Alarm just got pulled in my exam
Swear it wasn't me
apparently i ate an entire bag of goldfish, kissed some guy with a girlfriend who now wants to kill me, made my sister sleep in my bed with me while i wore no pants, and told my whole family i am pregnant with jonny's devil baby...never drinking again
Dating a girl 4 years younger than you is like living in a Taylor Swift song...
I should have kept drinking, a coma can't be as bad as this hangover
Grape juice and vodka is NOT wine.
i keep seeing random pieces of my outfit all around town.
Somehow I gave him blood blisters on his dick...I don't know if I'm that good or that bad.
I am currently sitting on a candy bar to warm it up cause it was in the fridge so I can eat it while watching the last song and smoking weed by myself
We just filmed our own version of iron chef. The secret ingreient was whisky.

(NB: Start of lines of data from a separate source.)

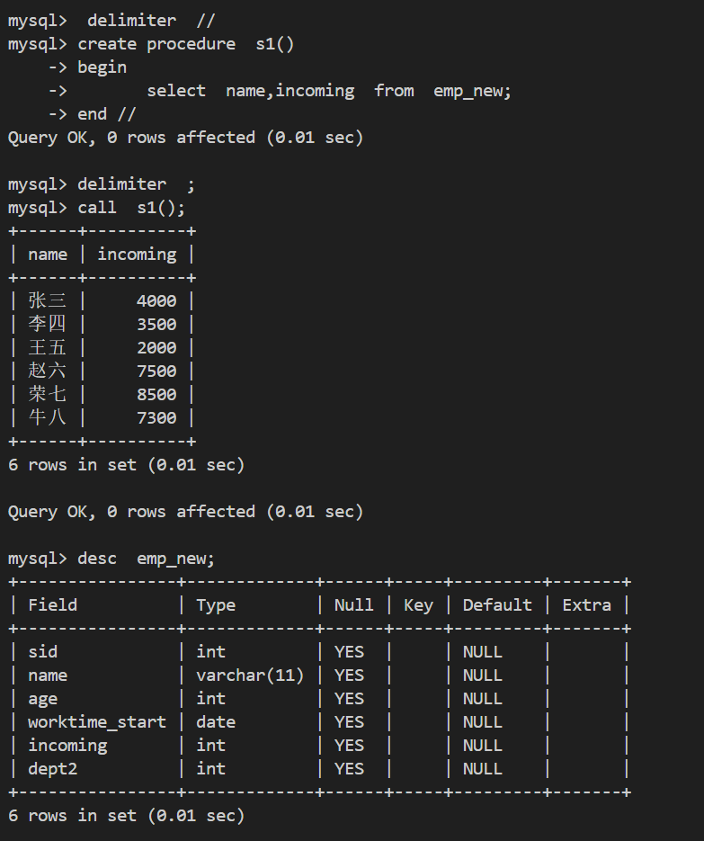- 创建提取emp_new表所有员工姓名和工资的存储过程s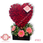 Puedes elegir el color de las flores o cotizar en otro tamaño, además de añadir globos, chocolates, botella de vino tinto o peluche.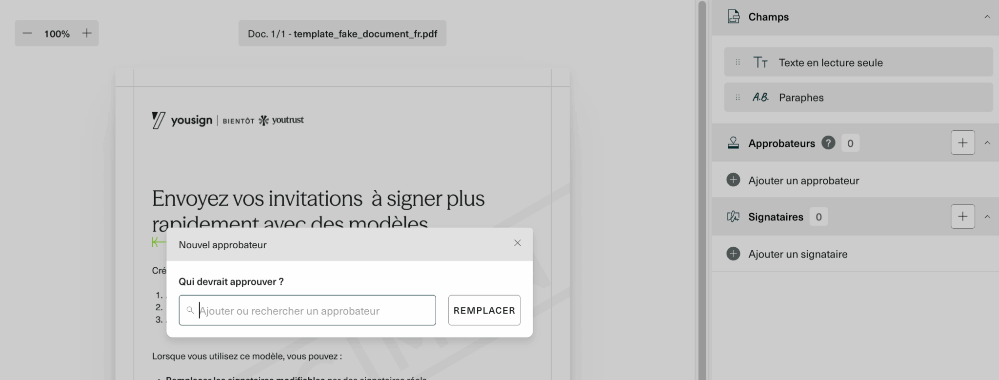 Au-delà de la signature pure, Yousign permet de construire des parcours documentaires adaptés à vos processus internes. C’est souvent là que se joue le gain de temps réel, pas dans l’acte de signature lui-même, mais dans tout ce qui l’entoure.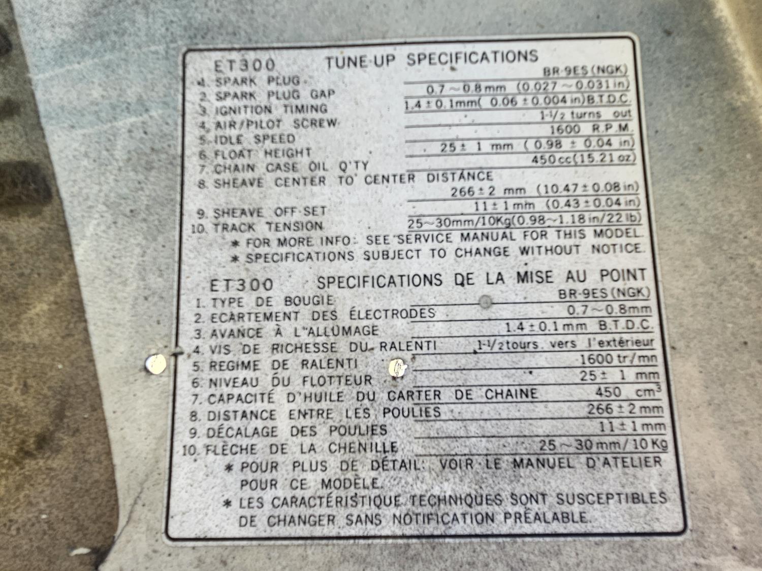 100 1981 Yamaha ET 300 Snowmobile (Inoperable)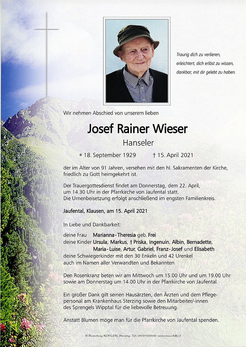 Der Trauergottesdienst findet am Donnerstag, dem 22. April, um 14.30 Uhr in der Pfarrkirche von Jaufental statt.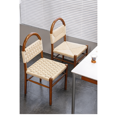 Woven Dining Chair | Vivan | Rattan Rope Seat | Teak Timber Frame | Natural Teak Timber | Stripe Pattern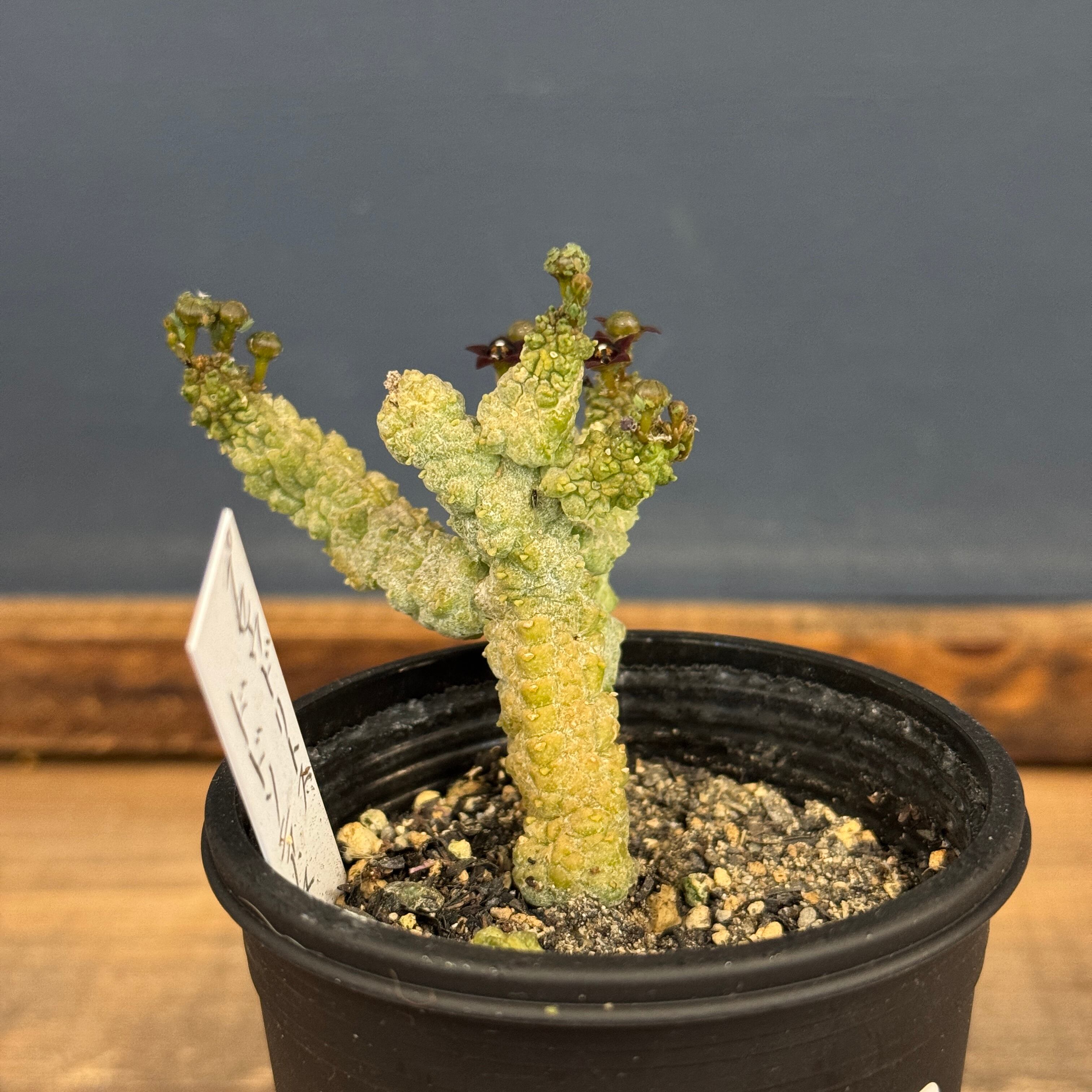 角張った塊状の株とゴツゴツとした表面の凹凸が特徴で、岩のような独特の姿をしています

What did you cook with whisky?
We started a fire.
Took me 12 hours to be sober again. Shitshow mission accomplished
Ran into his mom at the bar, i told her "i know he's married now but I'd still do him"
I responded with "neat-o burrito" to his SEXT...he tried so hard and I just panicked.
I hummed the theme from jaws while she was taking the pregnancy test....needless to say she was not pleased
Would it be inappropriate to meet you at the airport after your family vacation so I can tell you all about the amazing sex I have been having?
Im looking at the faintest of claw marks right now. I just fell in love all over again.